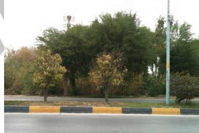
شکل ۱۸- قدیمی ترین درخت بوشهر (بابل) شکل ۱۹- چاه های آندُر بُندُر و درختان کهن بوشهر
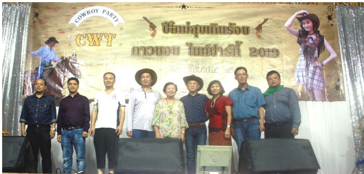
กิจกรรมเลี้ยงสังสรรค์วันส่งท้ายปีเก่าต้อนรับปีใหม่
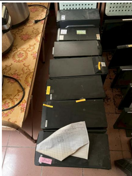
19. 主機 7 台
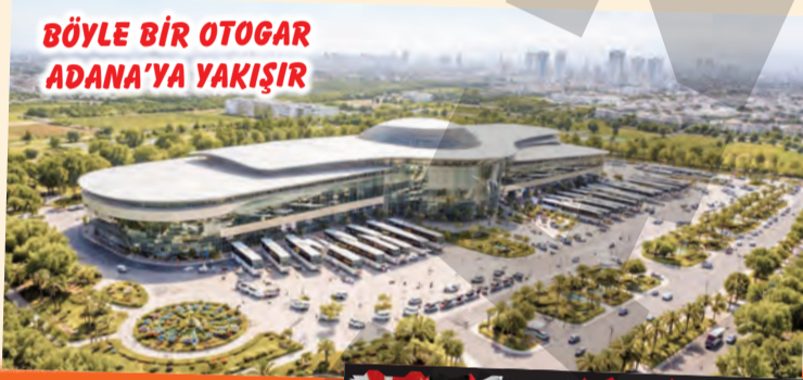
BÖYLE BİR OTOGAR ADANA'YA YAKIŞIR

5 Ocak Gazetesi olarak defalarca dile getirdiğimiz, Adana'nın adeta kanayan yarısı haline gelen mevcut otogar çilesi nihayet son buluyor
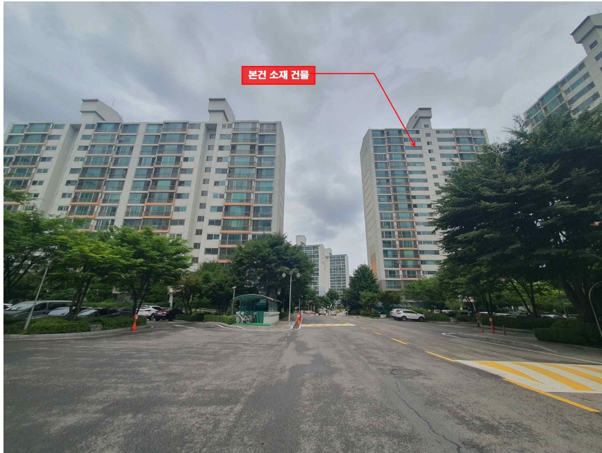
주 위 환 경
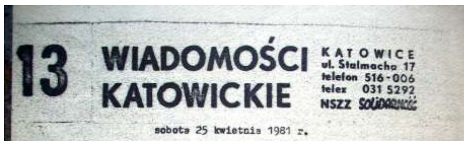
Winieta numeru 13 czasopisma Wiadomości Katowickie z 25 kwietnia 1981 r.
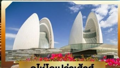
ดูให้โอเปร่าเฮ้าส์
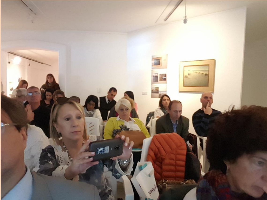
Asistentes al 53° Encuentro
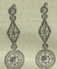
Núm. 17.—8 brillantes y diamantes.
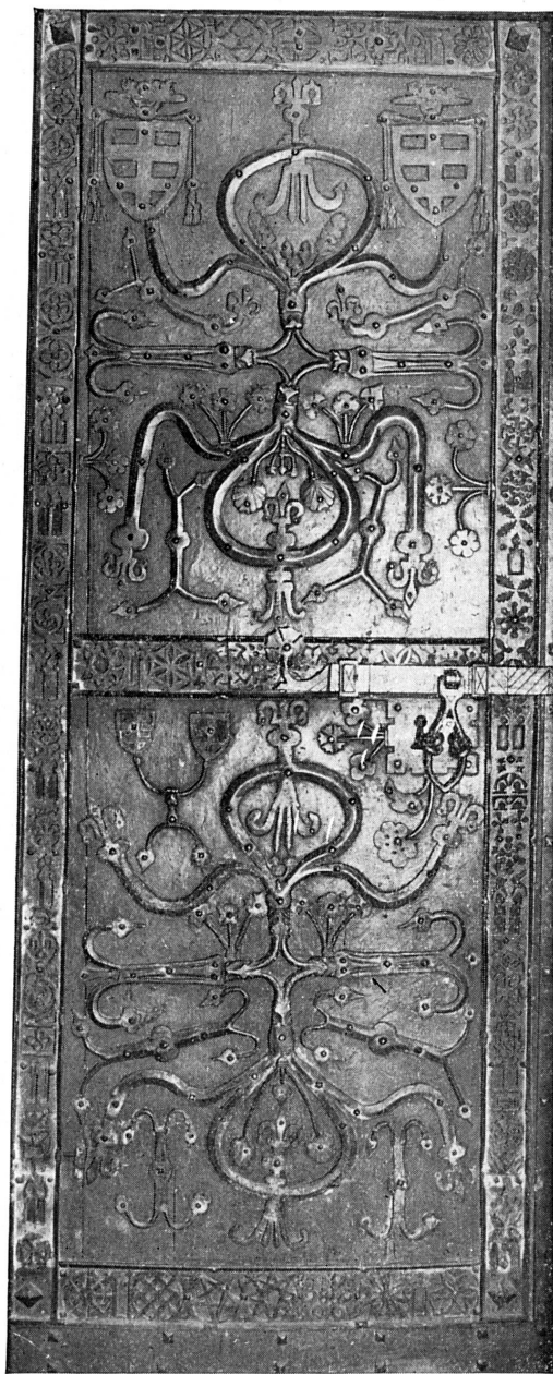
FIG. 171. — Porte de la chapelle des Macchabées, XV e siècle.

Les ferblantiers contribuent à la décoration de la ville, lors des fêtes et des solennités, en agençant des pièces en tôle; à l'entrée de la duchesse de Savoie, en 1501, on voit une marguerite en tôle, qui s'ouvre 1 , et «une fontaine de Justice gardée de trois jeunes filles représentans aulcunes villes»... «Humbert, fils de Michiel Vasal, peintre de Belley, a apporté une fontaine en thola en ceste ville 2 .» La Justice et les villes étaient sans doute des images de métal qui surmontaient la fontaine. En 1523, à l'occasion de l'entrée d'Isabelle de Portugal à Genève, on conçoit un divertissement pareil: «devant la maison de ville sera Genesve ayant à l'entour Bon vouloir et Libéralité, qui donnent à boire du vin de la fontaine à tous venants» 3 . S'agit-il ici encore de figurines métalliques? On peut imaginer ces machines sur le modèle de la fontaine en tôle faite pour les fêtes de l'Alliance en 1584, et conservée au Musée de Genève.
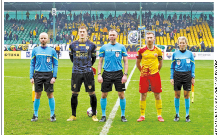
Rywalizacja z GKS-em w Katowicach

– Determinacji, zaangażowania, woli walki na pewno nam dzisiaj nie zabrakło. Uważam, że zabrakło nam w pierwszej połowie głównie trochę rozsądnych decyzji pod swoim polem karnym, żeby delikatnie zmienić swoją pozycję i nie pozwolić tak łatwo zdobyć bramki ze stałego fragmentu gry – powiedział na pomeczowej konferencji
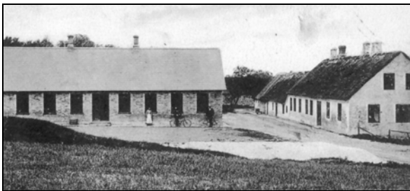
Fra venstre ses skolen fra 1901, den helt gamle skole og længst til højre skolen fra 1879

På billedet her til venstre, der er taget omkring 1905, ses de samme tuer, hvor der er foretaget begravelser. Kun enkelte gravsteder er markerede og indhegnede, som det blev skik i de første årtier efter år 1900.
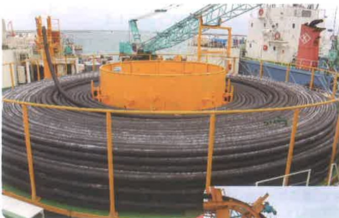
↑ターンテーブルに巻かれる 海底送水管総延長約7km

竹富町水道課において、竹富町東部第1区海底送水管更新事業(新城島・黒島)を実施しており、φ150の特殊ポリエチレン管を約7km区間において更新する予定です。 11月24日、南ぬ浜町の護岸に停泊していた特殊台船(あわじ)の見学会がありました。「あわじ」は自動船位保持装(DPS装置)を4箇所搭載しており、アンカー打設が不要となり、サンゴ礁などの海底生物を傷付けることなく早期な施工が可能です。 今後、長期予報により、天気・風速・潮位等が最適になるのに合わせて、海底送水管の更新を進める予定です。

********

YOUR OBJECTIVE>
Using the data above, retype exactly the lines from the line with "na pomeczowej konferencji" to the line with "På billedet her", inclusive. No pictures and nothing else.

RESULT OF THE EXERCISE>
– Determinacji, zaangażowania, woli walki na pewno nam dzisiaj nie zabrakło. Uważam, że zabrakło nam w pierwszej połowie głównie trochę rozsądnych decyzji pod swoim polem karnym, żeby delikatnie zmienić swoją pozycję i nie pozwolić tak łatwo zdobyć bramki ze stałego fragmentu gry – powiedział na pomeczowej konferencji
Fra venstre ses skolen fra 1901, den helt gamle skole og længst til højre skolen fra 1879

På billedet her til venstre, der er taget omkring 1905, ses de samme tuer, hvor der er foretaget begravelser. Kun enkelte gravsteder er markerede og indhegnede, som det blev skik i de første årtier efter år 1900.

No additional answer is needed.